SUN ROOF: Solyndra's cylindrical solar modules, pictured here in Fremont, Calif., helped maximize power output from flat roofs but struggled to compete with the low price of silicon photovoltaics. Image: Courtesy of Solyndra
Entrepreneur is just a fancy French word for a salesman, and a sales pitch isn't necessarily constrained by the laws of physics or economics. These folks don't so much have a business as an argument—or a business proposition as the cliché goes. Chris Gronet, the founder of Gronet Industries which became Solyndra and, more recently, defunct, was one such entrepreneur who visited the offices of Scientific American in the fall of 2008.

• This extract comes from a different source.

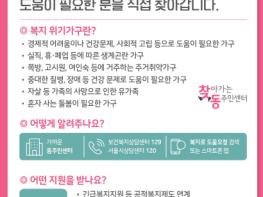 아울러 지역 내 민관기관과의 협력을 통해서도 위기가구를 발굴한다. 구는 관내 사회복지기관을 비롯, 어르신·장애인 등 복지취약계층 주요 이용기관에 협조를 요청하고 관련 복지서비스를 적극 안내할 예정이다.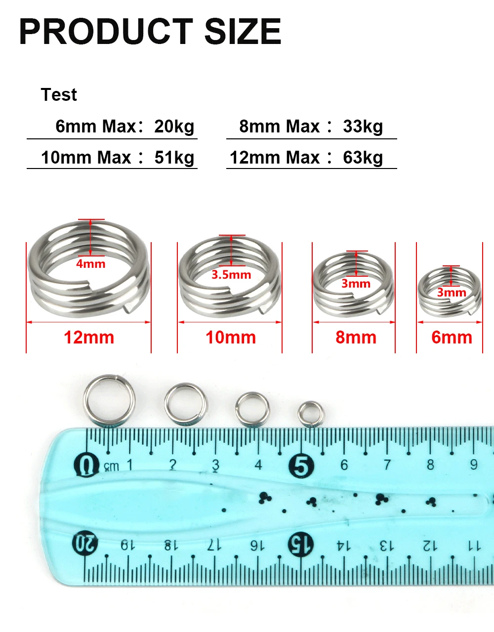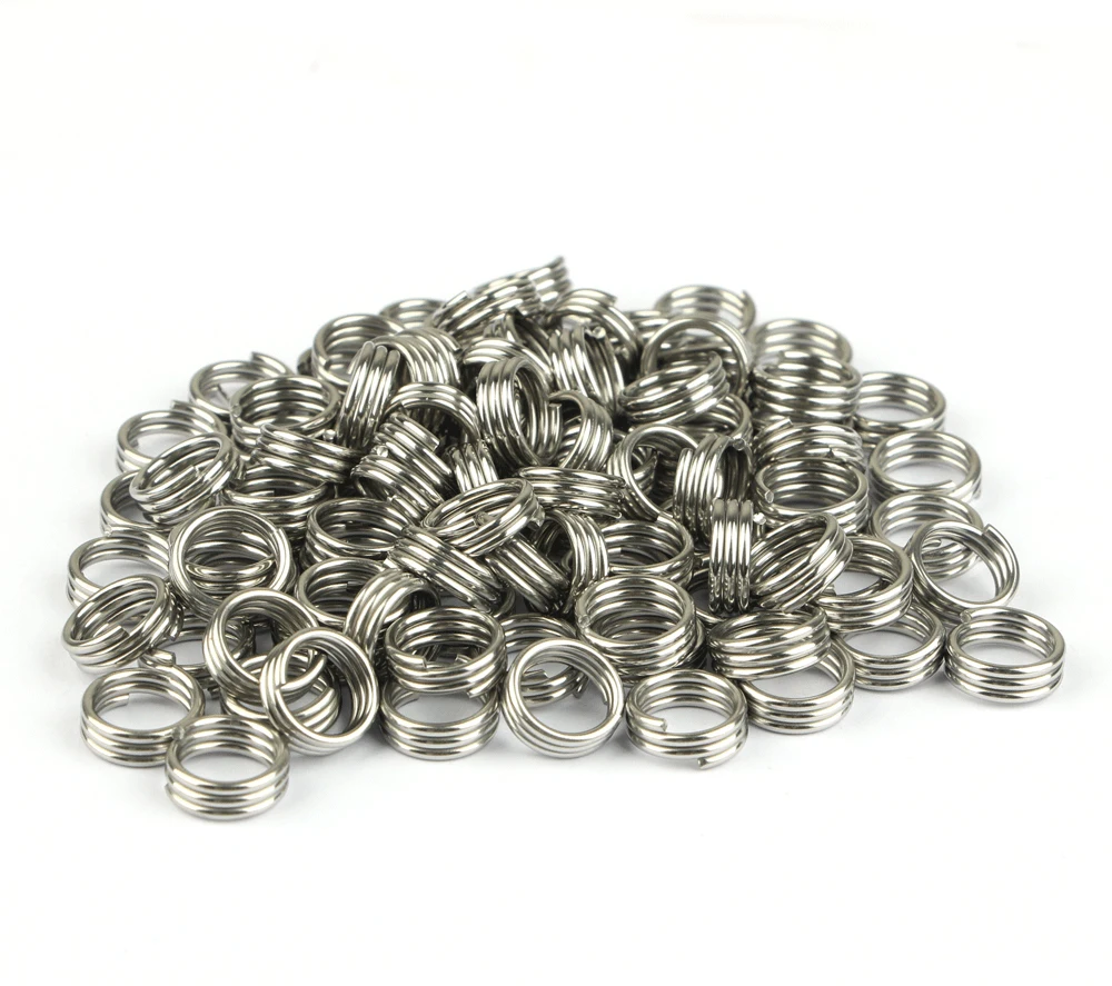 FTK 100 Uds anillos divididos de Pesca 6-12MM manivela cebo duro Snap plata acero inoxidable doble bucle dividido abierto señuelo de Pesca de carpa Pesca

Much as Gronet's business alma mater Applied Materials has learned to perfect technological processes such as thermal processing at high speed, this entrepreneur had learned to perfect his rapid patter—and to leave nothing out of place, whether the perfectly parted hair that remained undisturbed by the palpable downdraft of the ventilation system or the thank you e-mail sent the day after the meeting. Like most good, green entrepreneurs, he took a dash of optimism about the bright, clean future for solar energy and paired it with a dose of reality about continuing high prices for the purified silicon at the core of a photovoltaic (PV) device.
Interactive by Krista Fuentes. Photo of photovoltaic array at Oberlin College courtesy of Robb Williamson
He also had a slogan—"the new shape of solar"—that encapsulated the idea, much as a cylinder of glass encapsulated the thin-film semiconducting material that made Gronet's solar tubes work. The shape even fed into the name—Solyndra—as well as promising half the installation cost in one third of the time, enabling "grid parity" (that is, a price competitive with electricity from fossil fuel–fired power plants) at some imminent date for the first time in the history of solar power. In the meantime, with feed-in tariffs in Germany and Spain as high as 44 euro cents per kilowatt-hour, "we do great," Gronet said.
But wait, there's more. On roofs that didn't line up with the sun's path across the sky, the cylindrical nature of the solar module allowed owners to get more power off the roof by capturing diffuse or reflected light. The panels did not require heavy racks that anchored deep in the roof for support but rather lay flat and spaced out to allow wind to flow through them, allowing them to withstand gusts up to 210 kilometers per hour as demonstrated during a test installation in Florida that survived a tropical storm. That also allowed more of the panels to fit on any given roof. "By covering the 30 billion square feet of large, flat roofs in the U.S. alone, Solyndra's new design has the ability to meaningfully impact the world's energy needs," Gronet wrote in that thank-you email. "Conventional flat PV solar panels are not optimized for large commercial rooftops."
German photovoltaic installers such as Munich-based Phoenix Solar AG loved the cylindrical devices, committing $615 million to purchase some of them. "We simply do not need any supporting structures or ballasts or roof penetrations," Phoenix's chief technology officer, Manfred Bachler, explained in 2008. "We see significant cost-savings."
But Solyndra was always a dicey technology proposition: Take a temperamental semiconducting film that must be perfectly applied at high speed and pair it with a shape that is both hard to manufacture and ship. Voilà: a cylindrical solar cell that could either be a game-changer or a money-loser. "Some claims do not sound true," said environmental engineer Vasilis Fthenakis, a senior scientist at Brookhaven National Laboratory's National Photovoltaics Environmental Research Center, in 2008.